_ACTIVITY_. This exercise calls for an exact copy of the listing, with no pictures kept.

_RECORDED INFORMATION_.
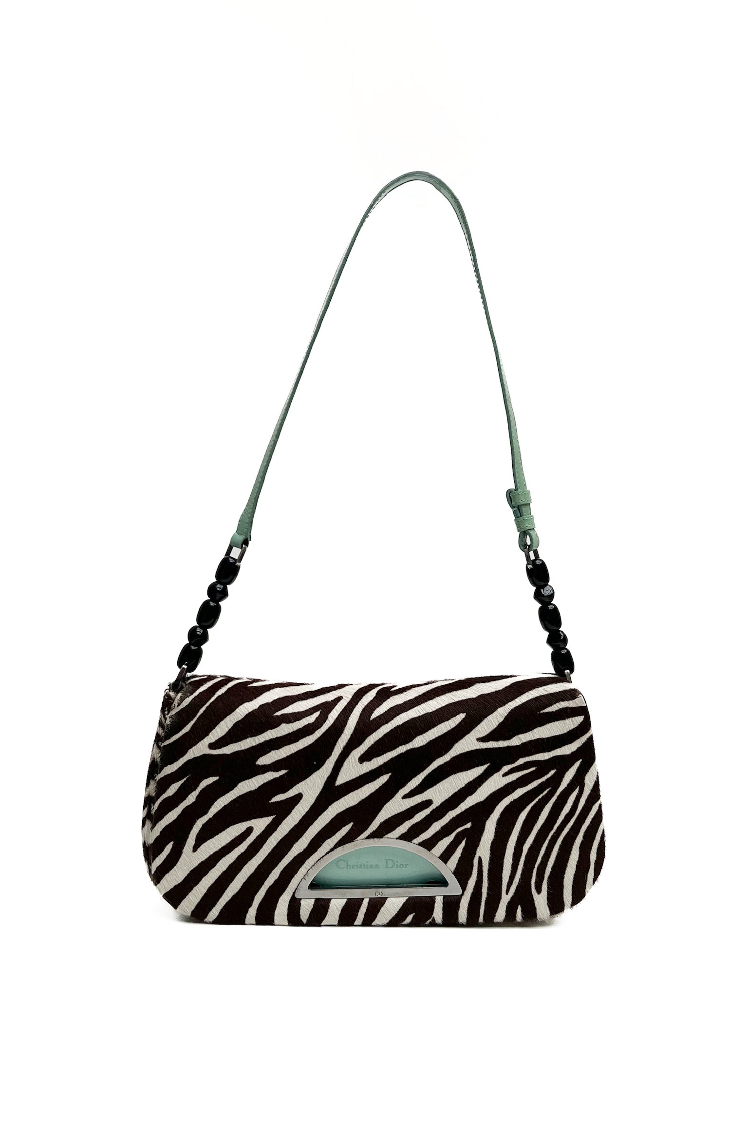 Vintage Christian Dior Fall/Winter 1999's famous Malice shoulder bag in zebra-printed cavallino leather. Features turquoise details, beaded handle accents, and it comes with the original dust bag.
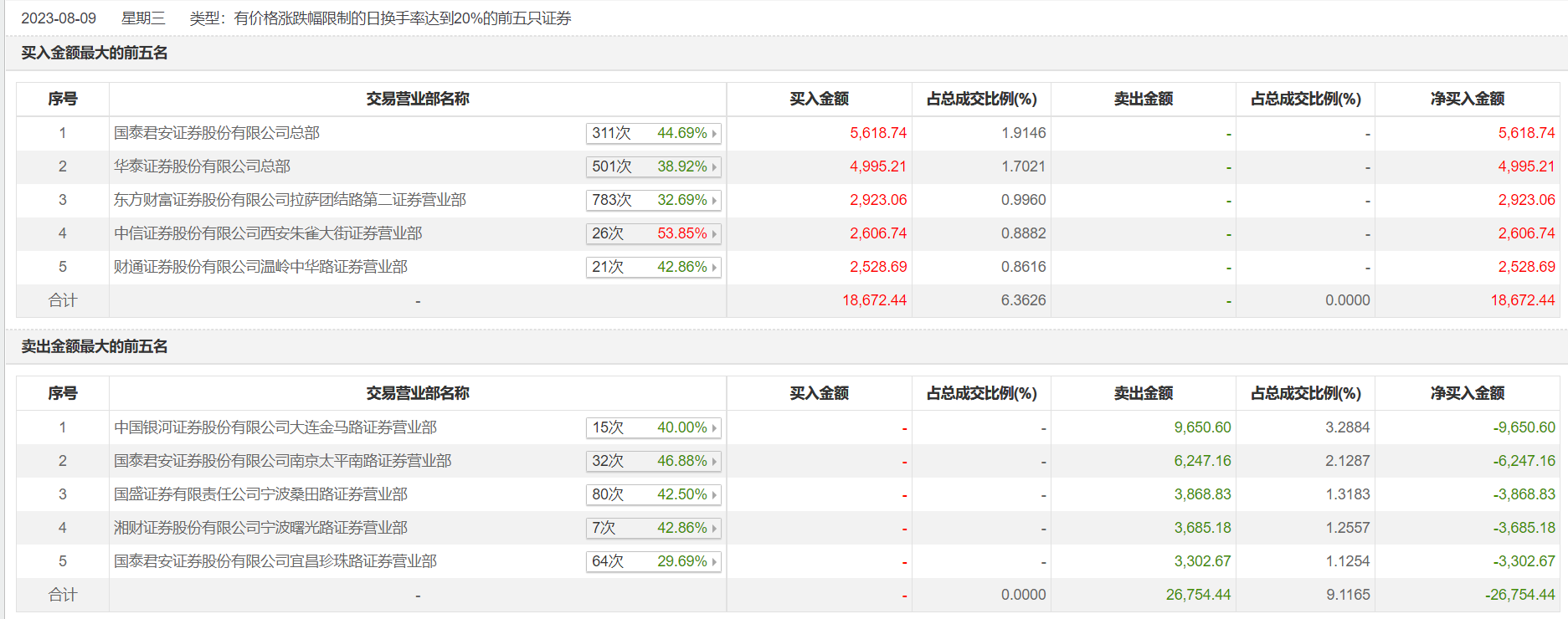 具体来看,知名游资现身龙虎榜,国泰君安证券总部、华泰证券总部分别买入5618.74万元、4995.21万元;中国银河证券大连金马路证券营业部、作手新一(国泰君安证券南京太平南路证券营业部)分别卖出9650.60万元、6247.16万元。
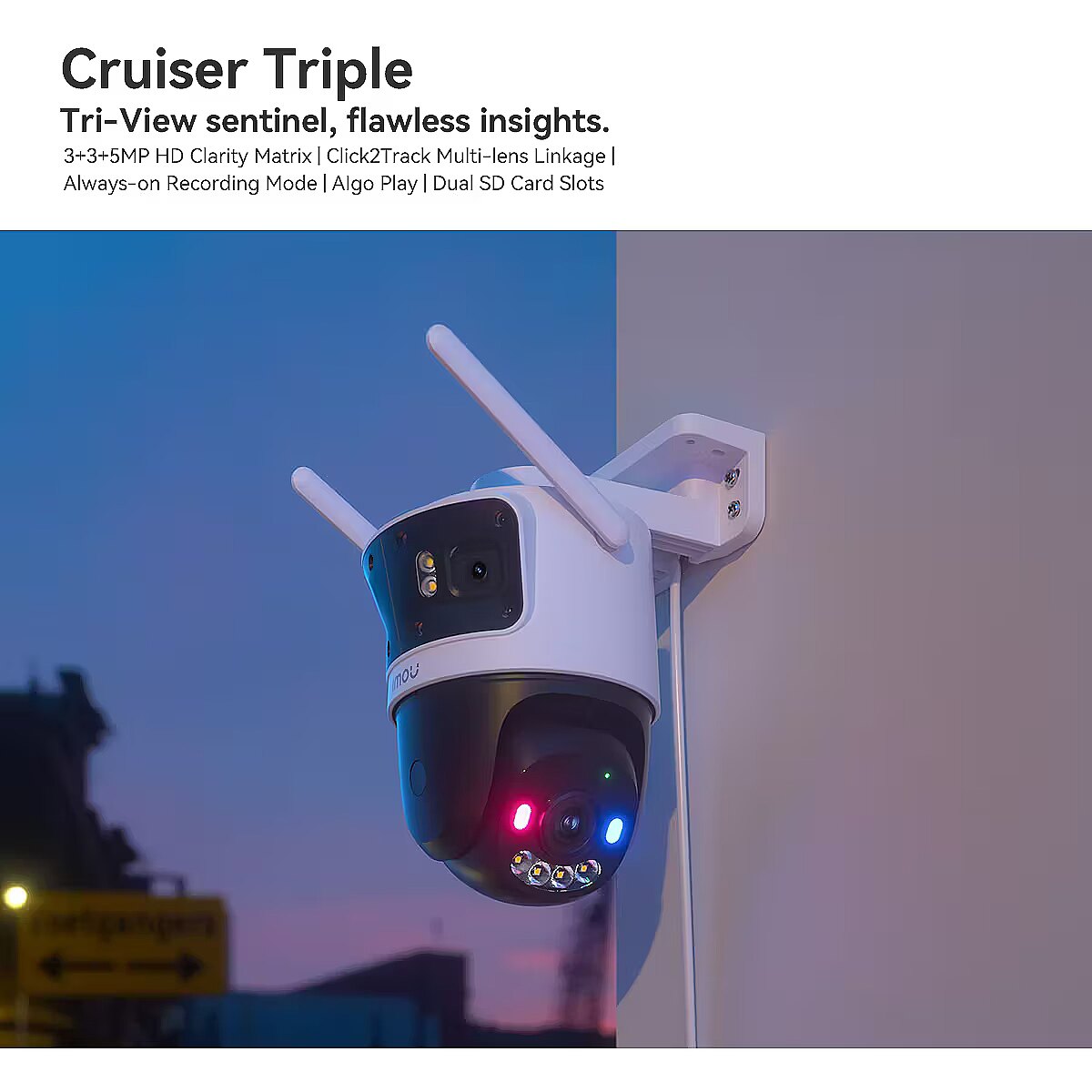 description_en - Tri-View sentinel, flawless insights 3+3+5MP HD Clarity Matrix Click2Track Multi-lens Linkage Always-on Recording Mode AIgo Play Dual SD Card Slots Tri-View sentinel surveillance
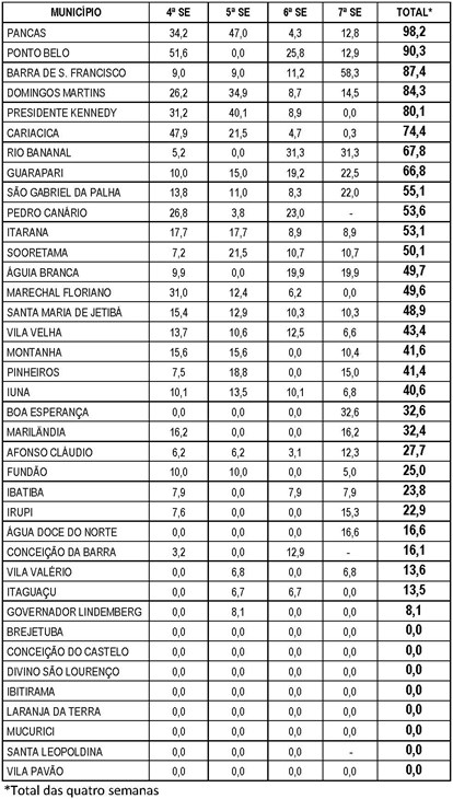 O Boletim Epidemiológico da Dengue é apresentado de duas formas: uma tabela com a indicação das notificações em números absolutos por semana epidemiológica e outra com a incidência de casos de dengue por município.
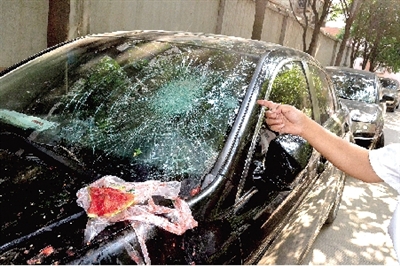 昨日9點(diǎn),記者趕到桐柏路與宏河路交叉口西側(cè)的金桐小區(qū),8號(hào)樓前,一輛黑色雅閣轎車(chē)前擋風(fēng)玻璃的左側(cè)被砸成了蜘蛛網(wǎng),一個(gè)垃圾袋內(nèi)還有大片西瓜皮,地面上也東一塊西一塊全是碎瓜皮。
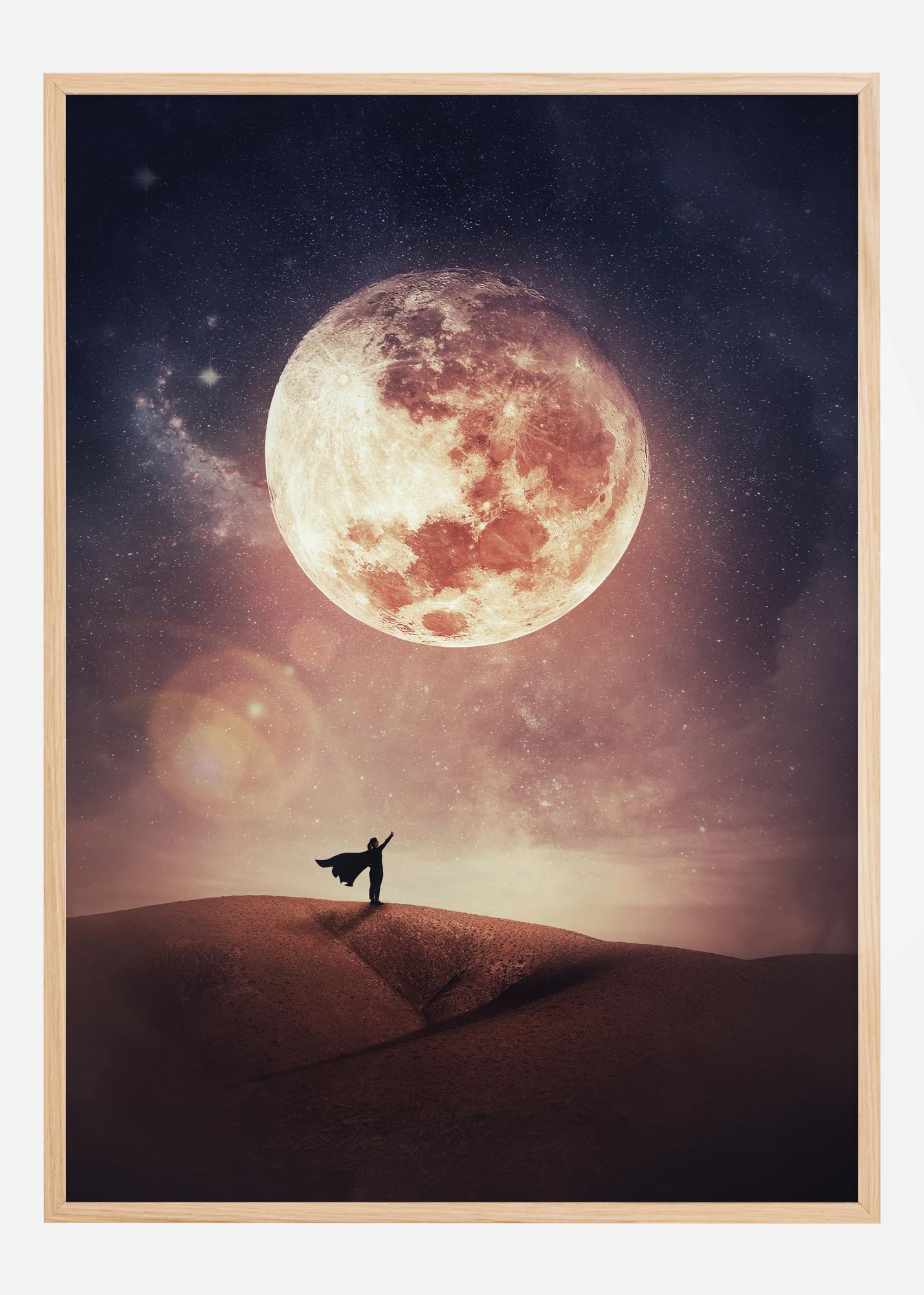 Ce poster onirique capture un moment magique où une silhouette solitaire se tient sur une colline désertique et regarde vers une immense lune rayonnante entourée d'un ciel étoilé. La scène est un puissant rappel de notre place dans l'univers, à la fois insignifiante et merveilleuse. Elle évoque des sentiments de désir et de curiosité, nous inspire à penser grand et à rêver sans limites.
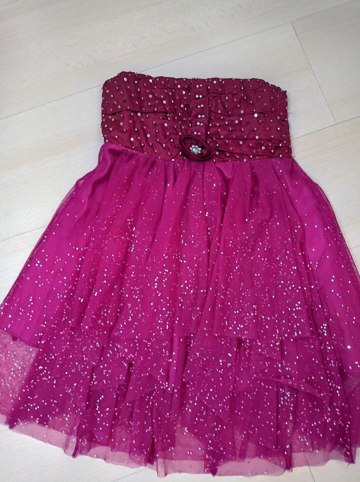 Pullu, straplez, midi boyda, kolsuz, pembe abiye elbise, şık ve göz alıcıdır.
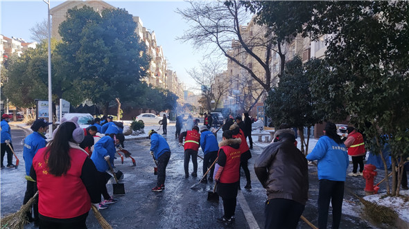 百水芊城社區(qū)黨員、環(huán)保志愿者開展掃雪除冰行動
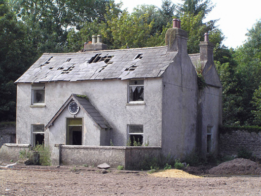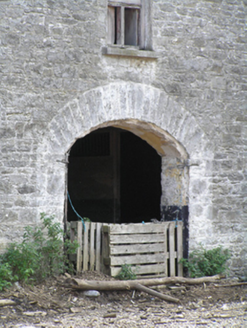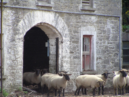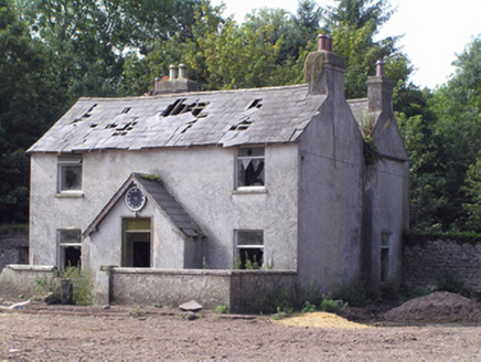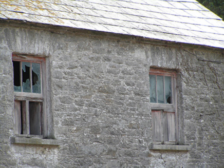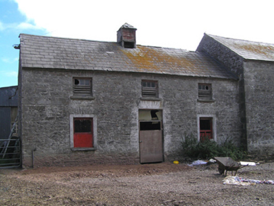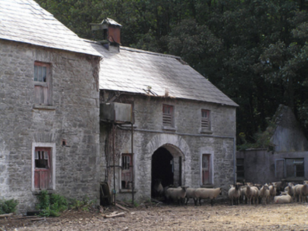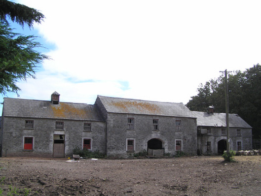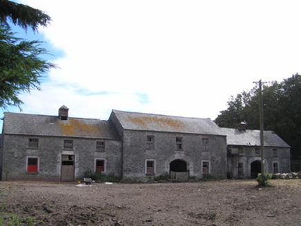 Farmyard complex, built c. 1850, comprising three-bay two-storey outbuilding to centre of east range flanked by three-bay two-storey outbuildings, ruinous and derelict remains of fifteen-bay single-storey outbuilding to south range, three-bay two-storey double-pile farmhouse with single-bay gabled porch to front (east) elevation to west range, and ruinous and derelict remains of single-storey outbuildings to non-continuous north range. East range with pitched slate roofs, sheeted timber vents, rubble stone walls, square-headed openings with dressed limestone voussoirs, cut limestone sills and timber battened and louvred fittings, and segmental-headed carriage arches with dressed limestone voussoirs. Remains of pitched slate roofs to south range, having rendered walls and square-headed openings with steel fixed and pivoting windows. House to yard comprising double-pile pitched roofs with rendered end chimneystacks, rendered walls and square-headed openings with replacement uPVC windows and door. Garden wall with remains of square-profile piers to front of house, rubble stone boundary wall to either side of rear of house. Roofless remains of two-bay single-storey outbuilding to east end of north range, having rubble stone walls, square-headed openings with dressed limestone voussoirs, and segmental-arched door opening to east gable formed by partially blocked carriage arch, having dressed limestone voussoirs and red brick dressings. Ruinous remains of outbuilding to west end of north range.

_TASK RESPONSE_.
 Vintage Christian Dior Fall/Winter 1999's famous Malice shoulder bag in zebra-printed cavallino leather. Features turquoise details, beaded handle accents, and it comes with the original dust bag.
 具体来看,知名游资现身龙虎榜,国泰君安证券总部、华泰证券总部分别买入5618.74万元、4995.21万元;中国银河证券大连金马路证券营业部、作手新一(国泰君安证券南京太平南路证券营业部)分别卖出9650.60万元、6247.16万元。
 description_en - Tri-View sentinel, flawless insights 3+3+5MP HD Clarity Matrix Click2Track Multi-lens Linkage Always-on Recording Mode AIgo Play Dual SD Card Slots Tri-View sentinel surveillance
 O Boletim Epidemiológico da Dengue é apresentado de duas formas: uma tabela com a indicação das notificações em números absolutos por semana epidemiológica e outra com a incidência de casos de dengue por município.
 昨日9點(diǎn),記者趕到桐柏路與宏河路交叉口西側(cè)的金桐小區(qū),8號(hào)樓前,一輛黑色雅閣轎車(chē)前擋風(fēng)玻璃的左側(cè)被砸成了蜘蛛網(wǎng),一個(gè)垃圾袋內(nèi)還有大片西瓜皮,地面上也東一塊西一塊全是碎瓜皮。
 Ce poster onirique capture un moment magique où une silhouette solitaire se tient sur une colline désertique et regarde vers une immense lune rayonnante entourée d'un ciel étoilé. La scène est un puissant rappel de notre place dans l'univers, à la fois insignifiante et merveilleuse. Elle évoque des sentiments de désir et de curiosité, nous inspire à penser grand et à rêver sans limites.
 Pullu, straplez, midi boyda, kolsuz, pembe abiye elbise, şık ve göz alıcıdır.
 百水芊城社區(qū)黨員、環(huán)保志愿者開展掃雪除冰行動
 Farmyard complex, built c. 1850, comprising three-bay two-storey outbuilding to centre of east range flanked by three-bay two-storey outbuildings, ruinous and derelict remains of fifteen-bay single-storey outbuilding to south range, three-bay two-storey double-pile farmhouse with single-bay gabled porch to front (east) elevation to west range, and ruinous and derelict remains of single-storey outbuildings to non-continuous north range. East range with pitched slate roofs, sheeted timber vents, rubble stone walls, square-headed openings with dressed limestone voussoirs, cut limestone sills and timber battened and louvred fittings, and segmental-headed carriage arches with dressed limestone voussoirs. Remains of pitched slate roofs to south range, having rendered walls and square-headed openings with steel fixed and pivoting windows. House to yard comprising double-pile pitched roofs with rendered end chimneystacks, rendered walls and square-headed openings with replacement uPVC windows and door. Garden wall with remains of square-profile piers to front of house, rubble stone boundary wall to either side of rear of house. Roofless remains of two-bay single-storey outbuilding to east end of north range, having rubble stone walls, square-headed openings with dressed limestone voussoirs, and segmental-arched door opening to east gable formed by partially blocked carriage arch, having dressed limestone voussoirs and red brick dressings. Ruinous remains of outbuilding to west end of north range.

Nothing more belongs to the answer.